Pain varies by placement and person. Ribs, feet, inner arm near elbow, those sting. Meatier areas like outer thigh or calf are easier. Cost runs roughly $150-200 per hour in most US cities, with minimums around $100-150 even for small pieces. Good work isn’t cheap; cheap work isn’t good. I’ve covered enough bad tattoos to know.
Key Takeaways
Operating a tattoo machine well means respecting the machine, reading the skin, and building physical habits that let you work clean for hours. Start with one machine type and learn it cold. Dial in your needle hang and voltage before touching skin. Match your hand speed to your machine cycle. Stretch skin aggressively. Anchor your hand. Watch for overworking. And accept that this takes years, not weekends, to do well. I’ve tattooed thousands of hours and I’m still learning something every session. That’s the job. That’s the craft.

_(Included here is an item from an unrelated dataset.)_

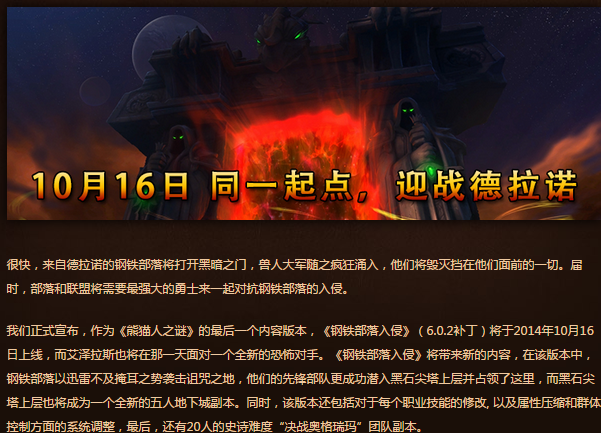 《魔兽世界》国服今天正式宣布,《钢铁部落入侵》(也就是6.0.2补丁)将在中国时间10月16日上线,这也令该补丁的上线实现了全球同步。

Frequently Asked Questions
How long should I practice on fake skin before tattooing a person?
Most apprentices need several months of consistent practice on fruit, silicone, or pig skin before working on willing friends under supervision. There’s no set timeline, it’s when your lines stay consistent and your depth control becomes automatic.
Why does my tattoo machine keep snagging or skipping?
Usually it’s needle hang set too short, a bent needle bar, not enough stretch on the skin, or voltage too low for your hand speed. Check each variable methodically rather than cranking voltage as a fix-all.
Can I use the same voltage for lining and shading?
Generally no, liners want slightly higher voltage for crisp single-pass lines, while shaders run lower for smoother, slower build-up of tone. The exact numbers depend on your specific machine and needle configuration.
How do I know if I’m going too deep while tattooing?
Excessive bleeding, immediate redness that spreads beyond the line, a popping sensation through the skin layers, or ink that appears blurry right away are all signs you’re too deep. Proper depth feels like consistent resistance without punching through.